The European-Japanese Mercury mission BepiColombo used one of its M-CAM selfie cameras to capture this glimpse of Earth, as the spacecraft hurtled past the planet during its first and only Earth flyby last night. The image was taken from a distance of around 11,500 miles (18, 600 km) at 03:35 UTC on April 10, 2020, shortly before its closest Earth-approach. Image via ESA.

The European Space Agency (ESA) announced during the night last night (April 10, 2020) that the BepiColombo spacecraft had successfully completed the first of nine planetary flybys – in this case of our own planet, Earth – coming less than 8,000 miles (12,700 km) from Earth’s surface at 04:25 UTC (12:25 a.m. EDT). Translate UTC to your time. The tug of Earth’s gravity finely altered the spacecraft’s speed and direction, steering it subtly toward its final destination, Mercury. ESA said:

Images gathered just before closest approach portray our planet shining through darkness, during one of humankind’s most challenging times in recent history.

ESA said the flybys:

… together with the onboard solar propulsion system, will help the spacecraft reach its target orbit around Mercury. The next two flybys will take place at Venus and a further six at Mercury itself.
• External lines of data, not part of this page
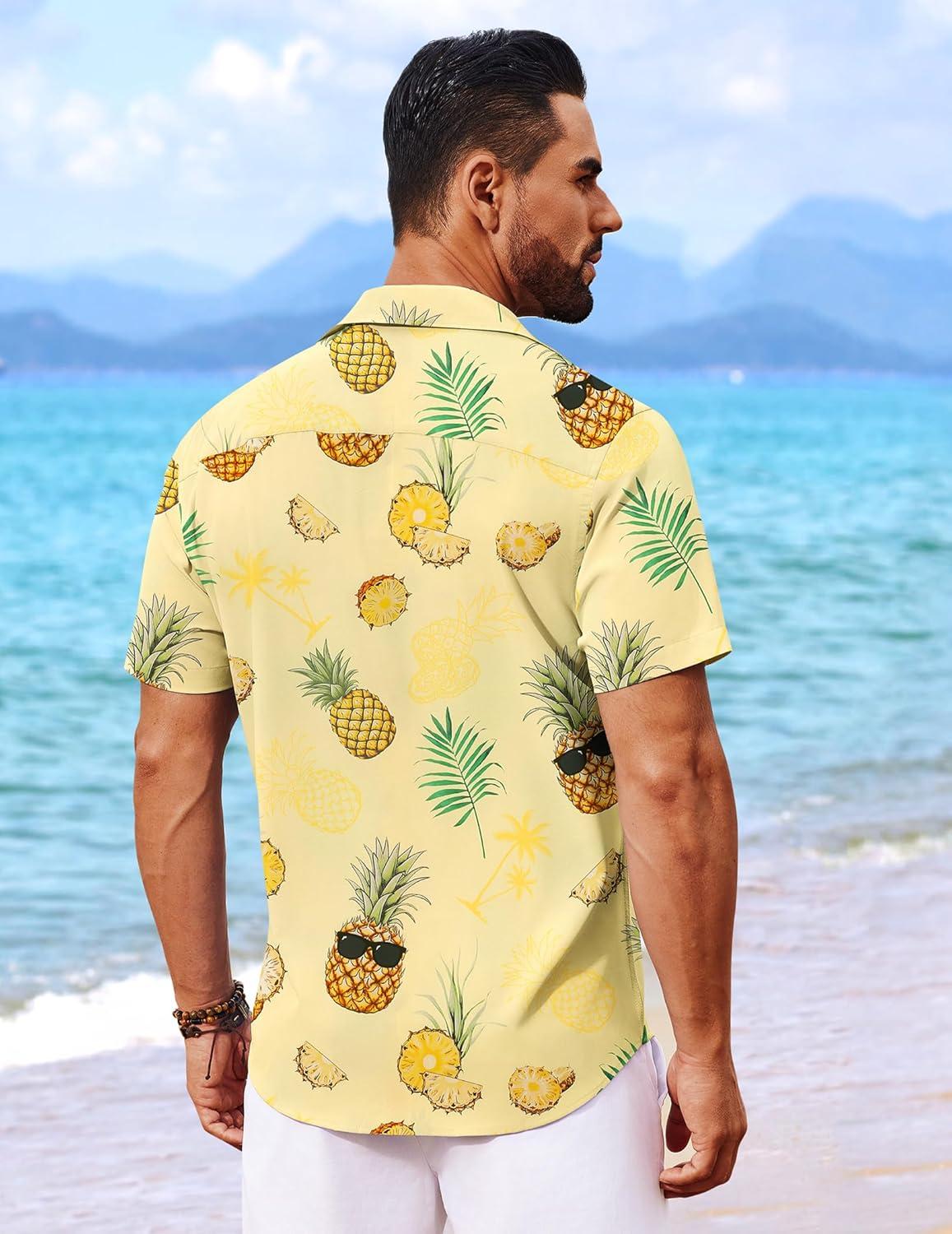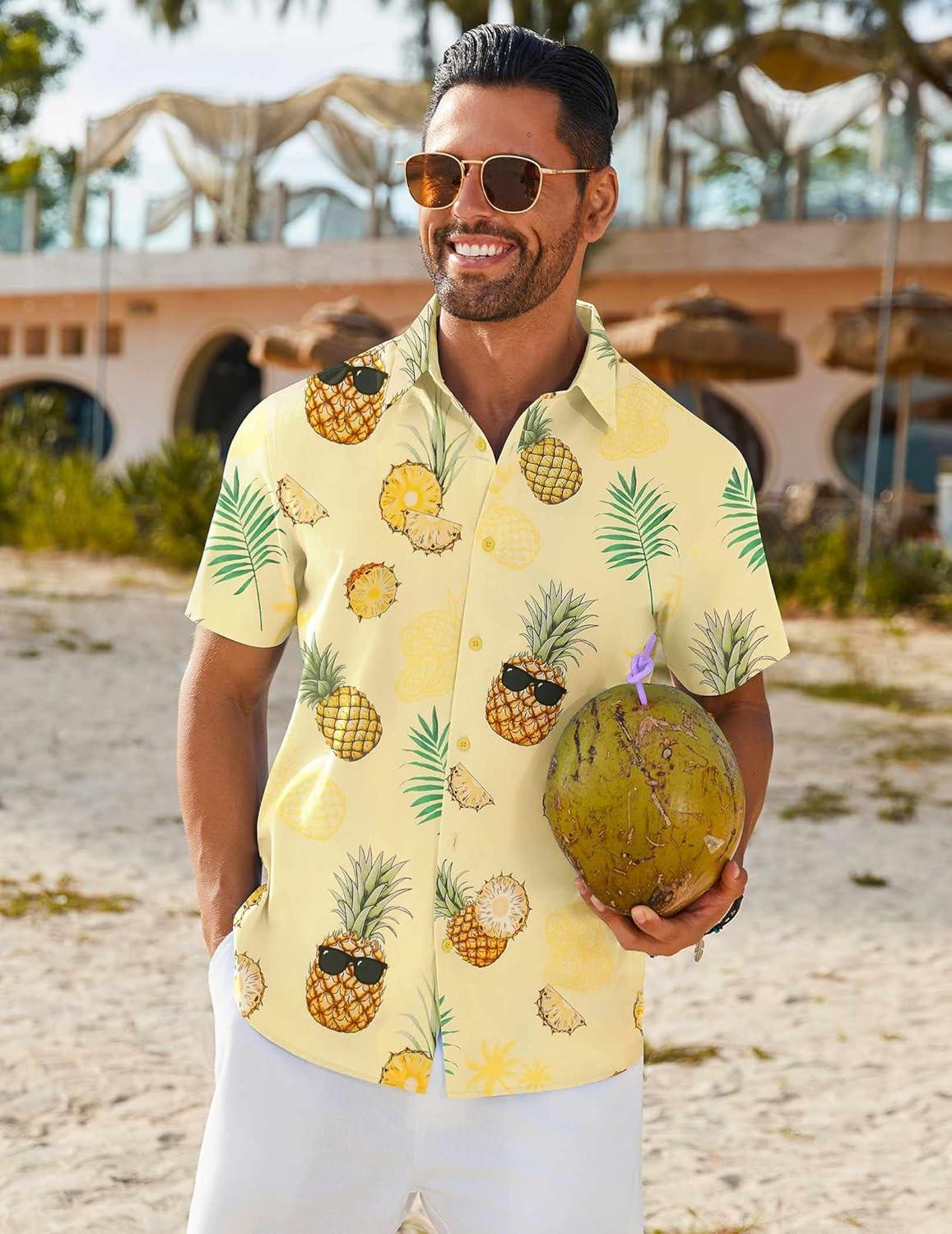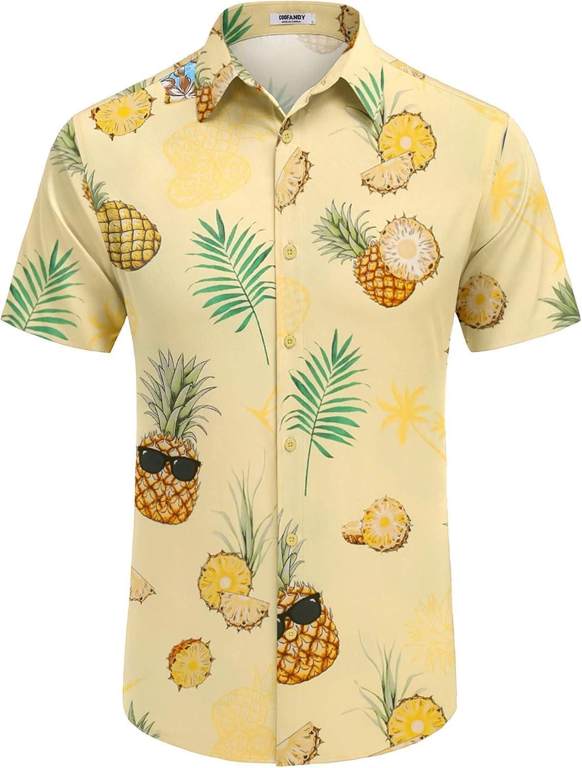 COOFANDY Mens Hawaiian Shirt Short Sleeve Button Down Shirts Tropical Floral Summer Beach Shirts(Yellow – Pineapple)
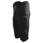 100% polyester double knit; 5-panel construction; 7 sewn-in EVA pads (hips, tail, thighs and knees); Perforated hip and tail pads for extra breathability; Thigh pads reinforced with plastic core; Contoured knee pads; Full-length self fabric belt with D-ring closure;
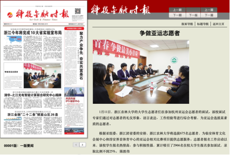 《杭州日报》和《科技金融时报》分别以题为“近3000人报名,录取比例不到1/4!农林大学子争当亚运义工”“争做亚运志愿者”对我校亚运会、亚残运会志愿者初选工作进行了报道,详细介绍了我校志愿者的报名情况和工作安排。
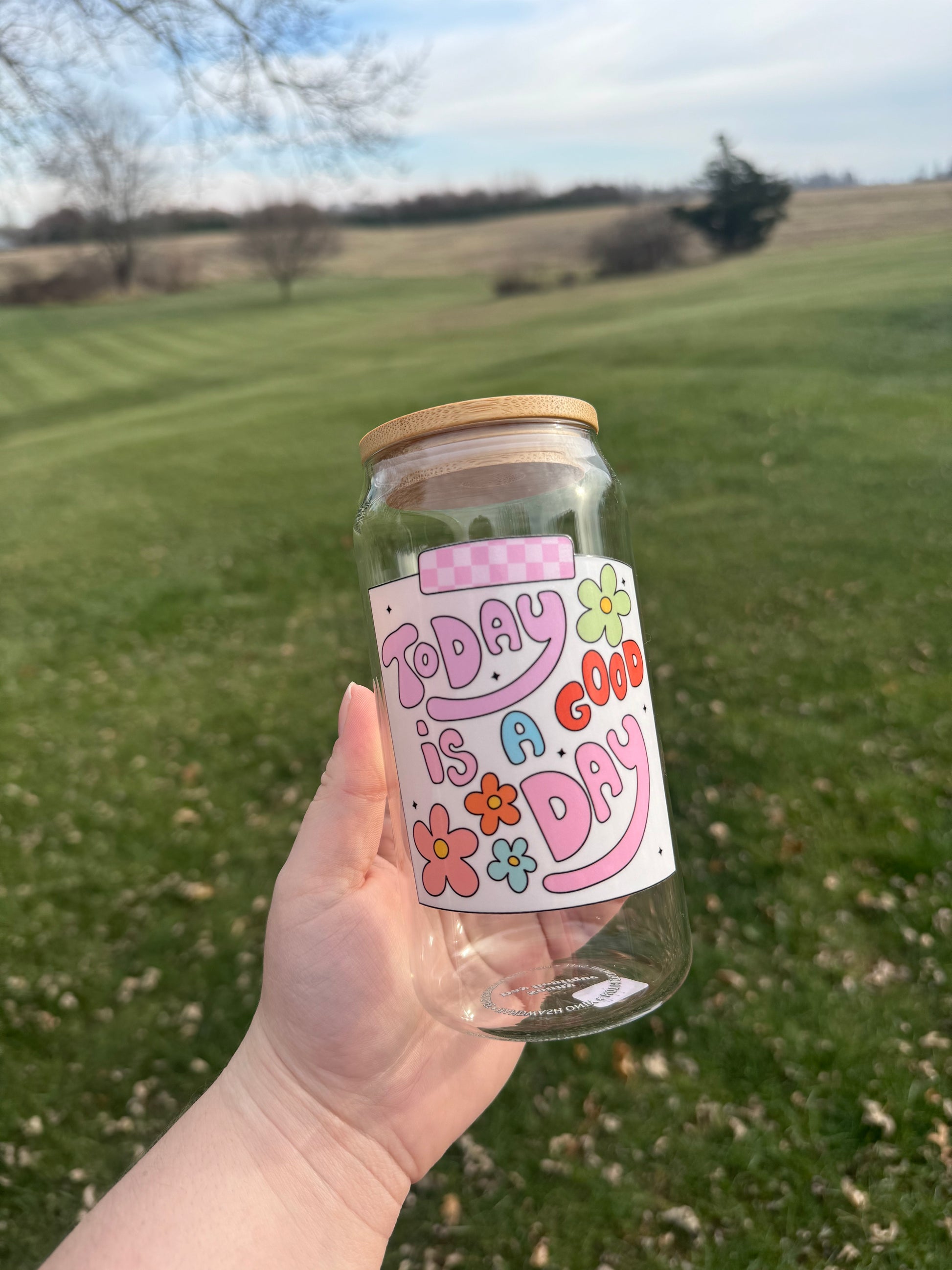 Includes 20oz glass tumbler, glass straw, and a bamboo lid.
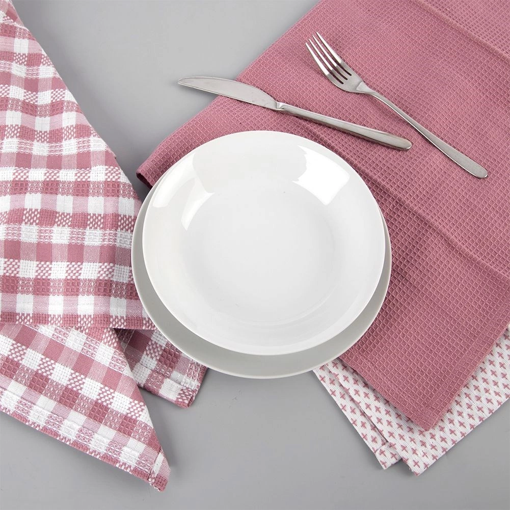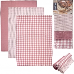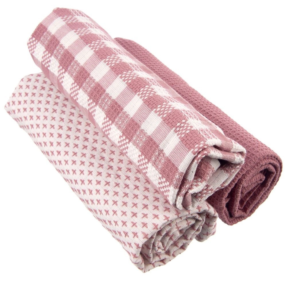 Otkrijte kvalitetne kuhinjske krpe koje spajaju funkcionalnost i stil. Tri različita uzorka u nježnim ružičastim nijansama osvježit će vašu kuhinju, dok prirodno pamučno vlakno osigurava brzo i učinkovito sušenje posuđa i radnih ploha.
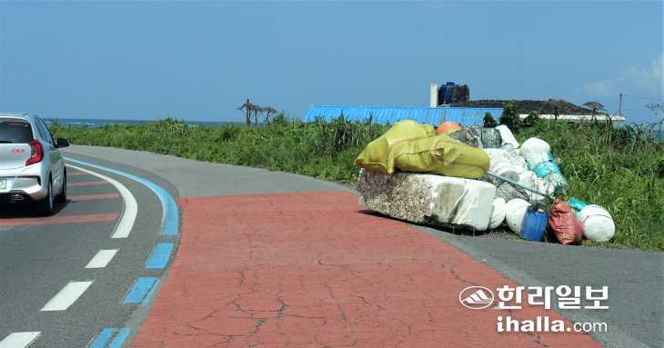 | 11일 제주시 구좌읍 해안에서 수거돼 도로에 쌓여있는 해양쓰레기. |
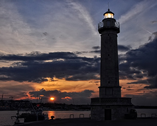 Foto dell'autore Diana Cocco candidata al contest fotografico faro su Dizy. Data inserimento: mercoledì 16 dicembre 2015. Titolo: il faro di molfetta al calar del sole

ESA said the flyby didn’t require any active operations from the BepiColombo ground team, such as firing thrusters. But it did include 34 critical minutes shortly after BepiColombo’s closest approach to our planet, when the spacecraft flew through Earth’s shadow. Elsa Montagnon, BepiColombo Spacecraft Operations Manager for ESA, explained why the team needed to be on hand at ESA’s mission control center in Darmstadt, Germany, for this maneuver:

This eclipse phase was the most delicate part of the flyby, with the spacecraft passing through the shadow of our planet and not receiving any direct sunlight for the first time after launch.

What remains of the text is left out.